DATA EXTRACT
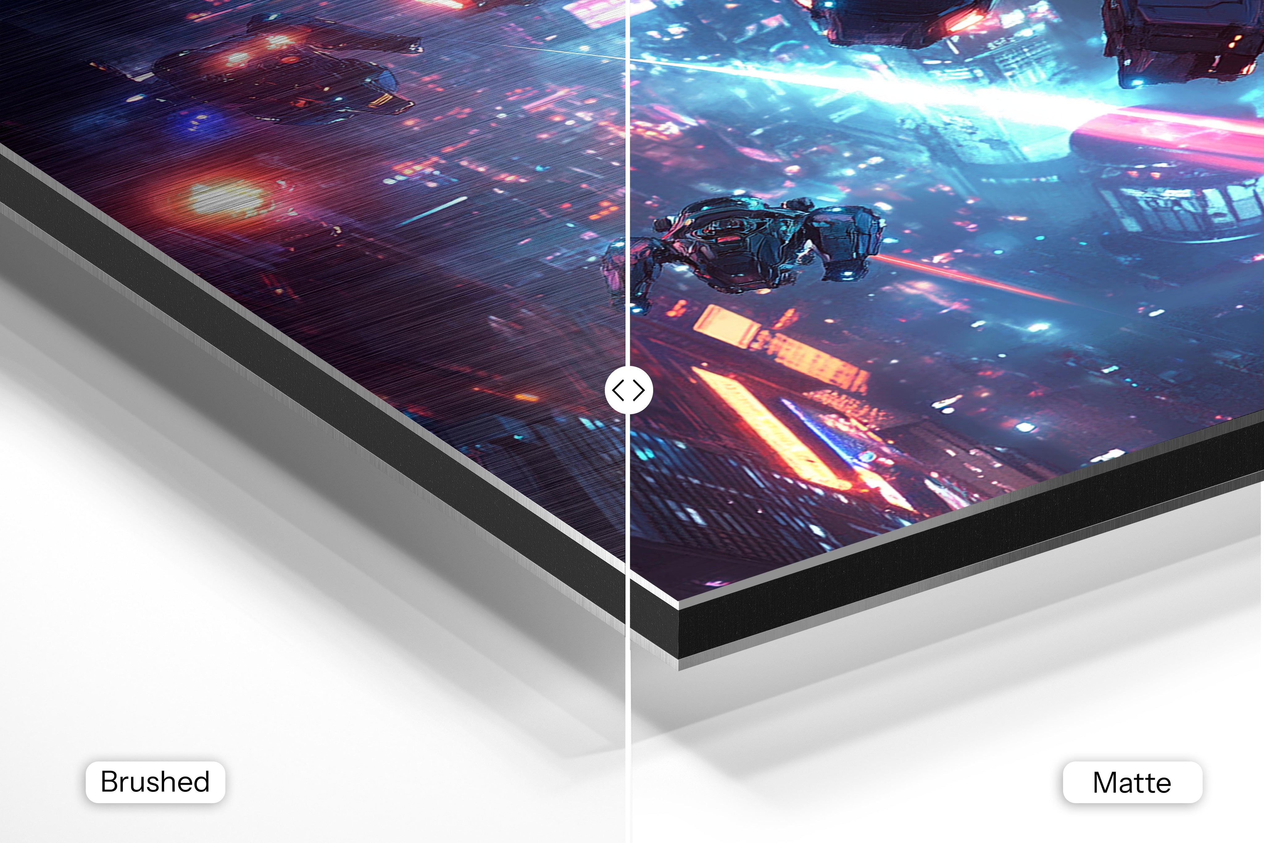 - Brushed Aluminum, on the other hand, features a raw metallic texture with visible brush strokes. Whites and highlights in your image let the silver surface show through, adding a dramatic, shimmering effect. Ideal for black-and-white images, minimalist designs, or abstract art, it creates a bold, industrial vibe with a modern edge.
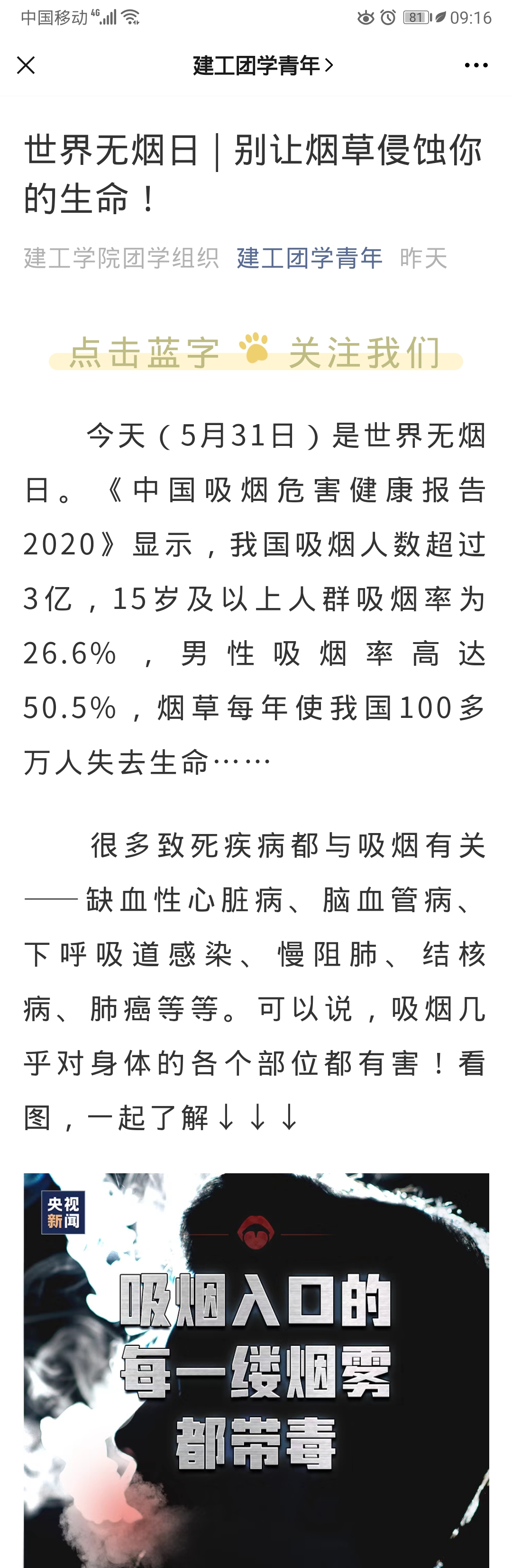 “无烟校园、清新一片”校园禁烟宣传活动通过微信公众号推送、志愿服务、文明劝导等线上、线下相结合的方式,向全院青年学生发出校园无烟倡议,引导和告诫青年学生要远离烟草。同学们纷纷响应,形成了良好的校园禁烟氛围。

* * *

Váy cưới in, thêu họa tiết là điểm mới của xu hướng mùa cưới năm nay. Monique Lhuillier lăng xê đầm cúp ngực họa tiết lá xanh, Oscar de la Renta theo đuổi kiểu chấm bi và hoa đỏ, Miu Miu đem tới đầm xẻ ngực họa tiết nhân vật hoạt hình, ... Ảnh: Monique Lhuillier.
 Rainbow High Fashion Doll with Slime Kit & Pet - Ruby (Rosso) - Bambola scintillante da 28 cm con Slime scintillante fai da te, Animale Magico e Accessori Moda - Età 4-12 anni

* * *

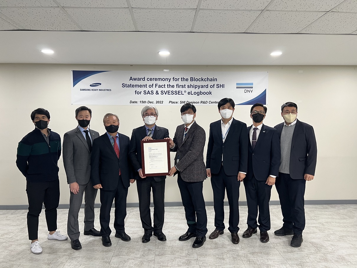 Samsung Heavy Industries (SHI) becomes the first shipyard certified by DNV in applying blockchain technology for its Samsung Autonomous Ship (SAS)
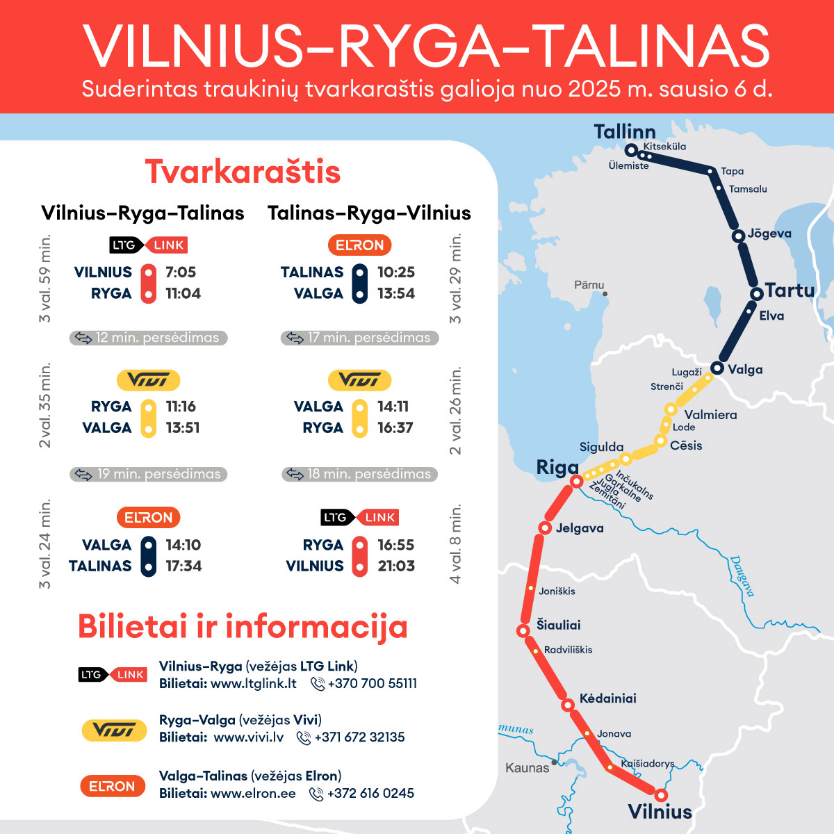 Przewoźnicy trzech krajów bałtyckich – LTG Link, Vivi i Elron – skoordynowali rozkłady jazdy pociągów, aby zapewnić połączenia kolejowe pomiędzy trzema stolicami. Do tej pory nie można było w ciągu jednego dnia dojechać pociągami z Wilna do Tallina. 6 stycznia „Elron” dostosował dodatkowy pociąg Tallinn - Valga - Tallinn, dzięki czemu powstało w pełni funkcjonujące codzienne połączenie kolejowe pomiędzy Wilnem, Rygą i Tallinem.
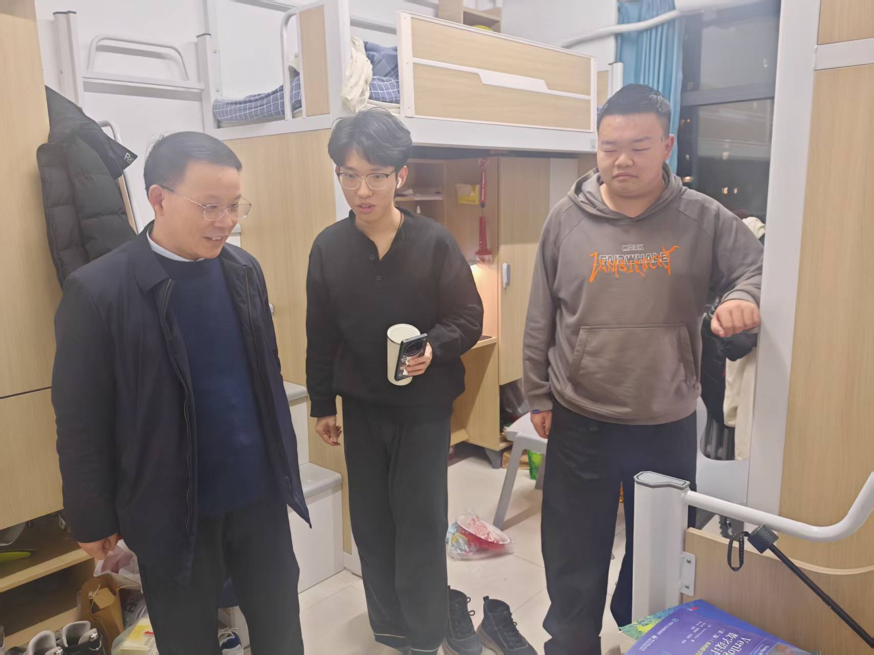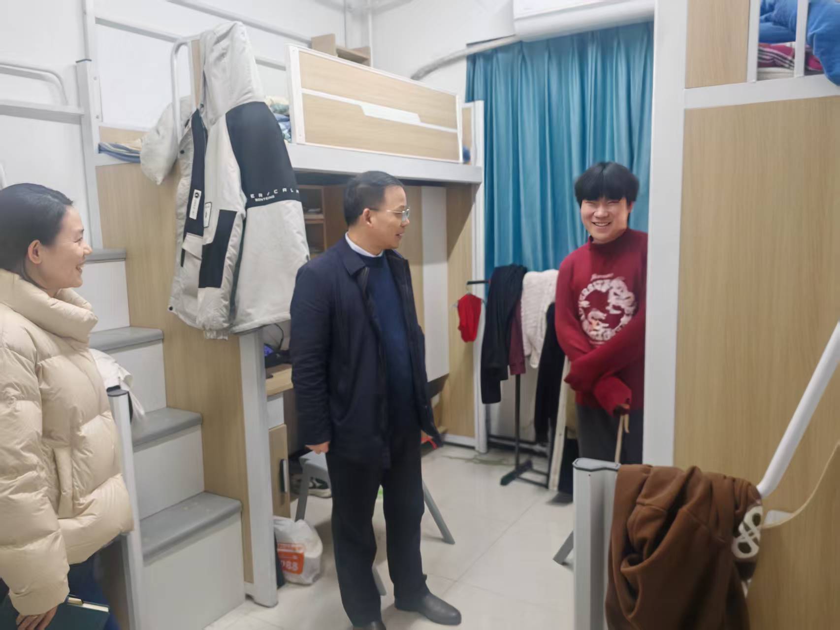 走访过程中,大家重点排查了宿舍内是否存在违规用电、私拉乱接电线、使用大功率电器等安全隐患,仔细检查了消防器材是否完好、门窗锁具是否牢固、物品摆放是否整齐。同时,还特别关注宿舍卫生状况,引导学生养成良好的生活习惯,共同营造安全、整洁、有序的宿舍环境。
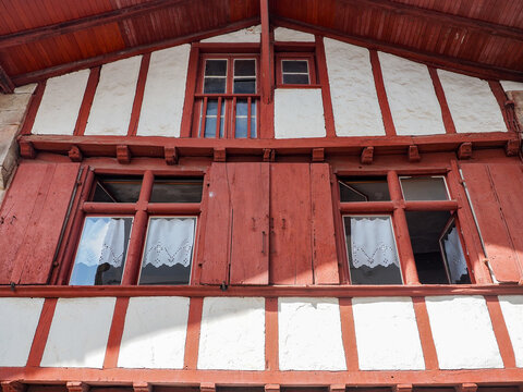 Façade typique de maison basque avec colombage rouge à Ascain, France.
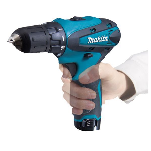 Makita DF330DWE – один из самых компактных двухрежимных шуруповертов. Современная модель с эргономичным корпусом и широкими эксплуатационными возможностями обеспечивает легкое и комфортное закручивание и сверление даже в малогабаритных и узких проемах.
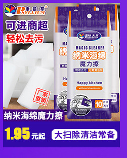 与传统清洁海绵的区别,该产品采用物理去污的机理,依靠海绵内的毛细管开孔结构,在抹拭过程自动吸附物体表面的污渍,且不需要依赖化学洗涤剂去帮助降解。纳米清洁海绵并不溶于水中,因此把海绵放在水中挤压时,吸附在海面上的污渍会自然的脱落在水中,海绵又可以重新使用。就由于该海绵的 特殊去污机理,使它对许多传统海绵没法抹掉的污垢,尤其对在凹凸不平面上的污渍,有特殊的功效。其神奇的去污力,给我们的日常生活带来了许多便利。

WHAT IS BEING ASKED
Among the entries above, find the line with "Makita DF330DWE –" and repeat exactly from there through the line with "与传统清洁海绵的区别,该产品", leaving out the pictures.

EXERCISE RESULT
 Makita DF330DWE – один из самых компактных двухрежимных шуруповертов. Современная модель с эргономичным корпусом и широкими эксплуатационными возможностями обеспечивает легкое и комфортное закручивание и сверление даже в малогабаритных и узких проемах.
 与传统清洁海绵的区别,该产品采用物理去污的机理,依靠海绵内的毛细管开孔结构,在抹拭过程自动吸附物体表面的污渍,且不需要依赖化学洗涤剂去帮助降解。纳米清洁海绵并不溶于水中,因此把海绵放在水中挤压时,吸附在海面上的污渍会自然的脱落在水中,海绵又可以重新使用。就由于该海绵的 特殊去污机理,使它对许多传统海绵没法抹掉的污垢,尤其对在凹凸不平面上的污渍,有特殊的功效。其神奇的去污力,给我们的日常生活带来了许多便利。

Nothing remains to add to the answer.